• _STORED DATA_
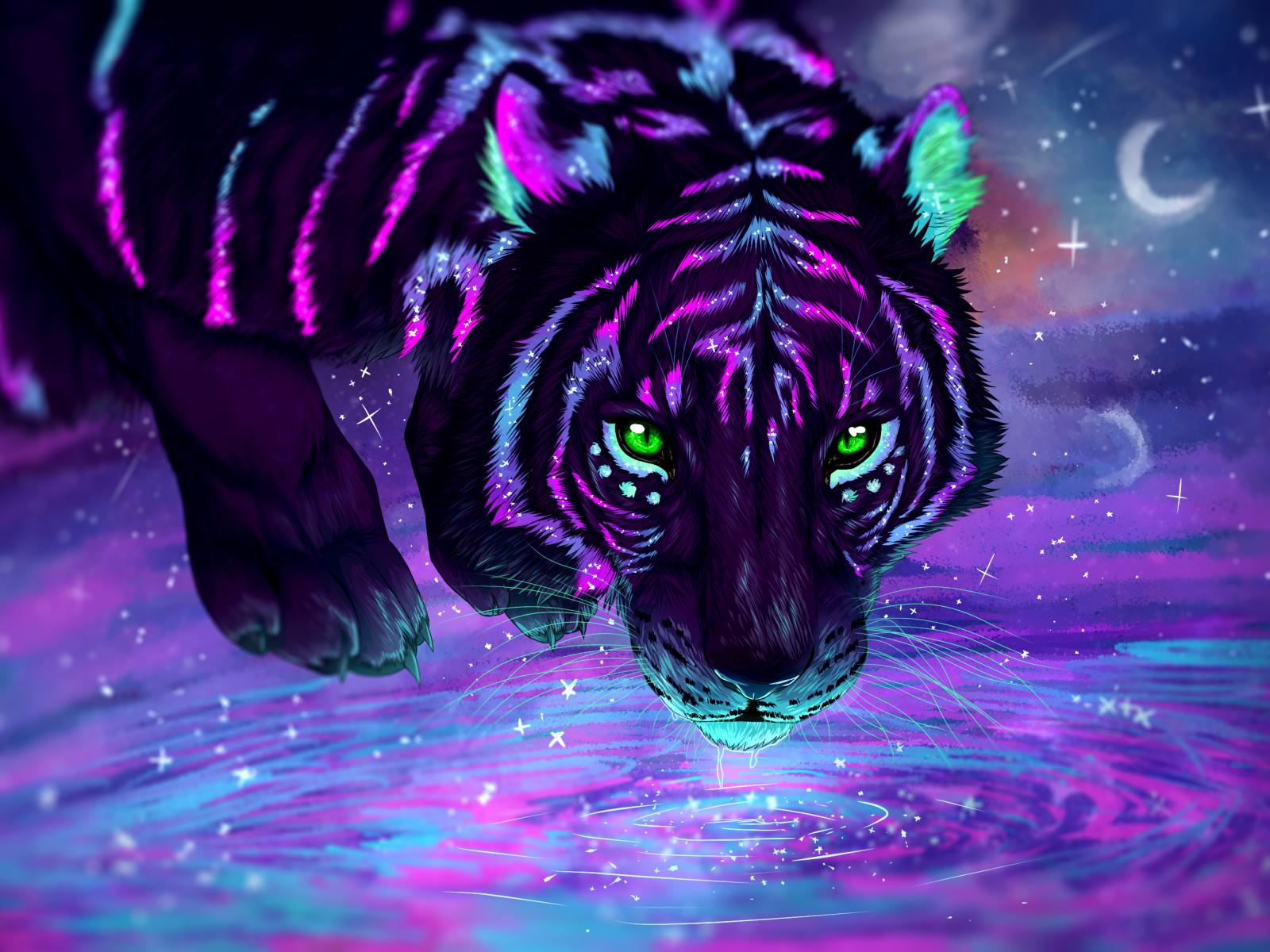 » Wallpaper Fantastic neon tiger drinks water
* * *
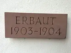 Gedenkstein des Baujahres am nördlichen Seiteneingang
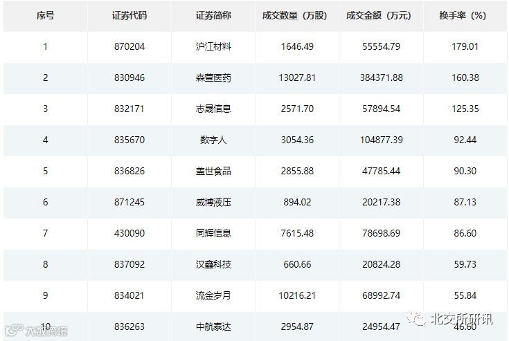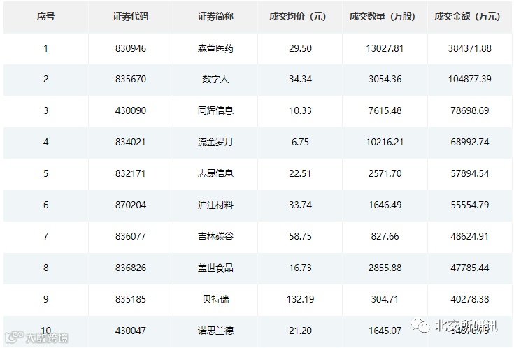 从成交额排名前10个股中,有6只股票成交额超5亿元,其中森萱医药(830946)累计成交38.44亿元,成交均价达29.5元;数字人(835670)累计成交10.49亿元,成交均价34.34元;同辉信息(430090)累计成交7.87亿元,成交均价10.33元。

• _THE TASK_
Your answer should consist of the lines above between those holding "Gedenkstein des Baujahres" and "从成交额排名前10个股中,有", inclusive, reproduced word for word and without pictures.

• _REPLY TO THE EXERCISE_
 Gedenkstein des Baujahres am nördlichen Seiteneingang
 从成交额排名前10个股中,有6只股票成交额超5亿元,其中森萱医药(830946)累计成交38.44亿元,成交均价达29.5元;数字人(835670)累计成交10.49亿元,成交均价34.34元;同辉信息(430090)累计成交7.87亿元,成交均价10.33元。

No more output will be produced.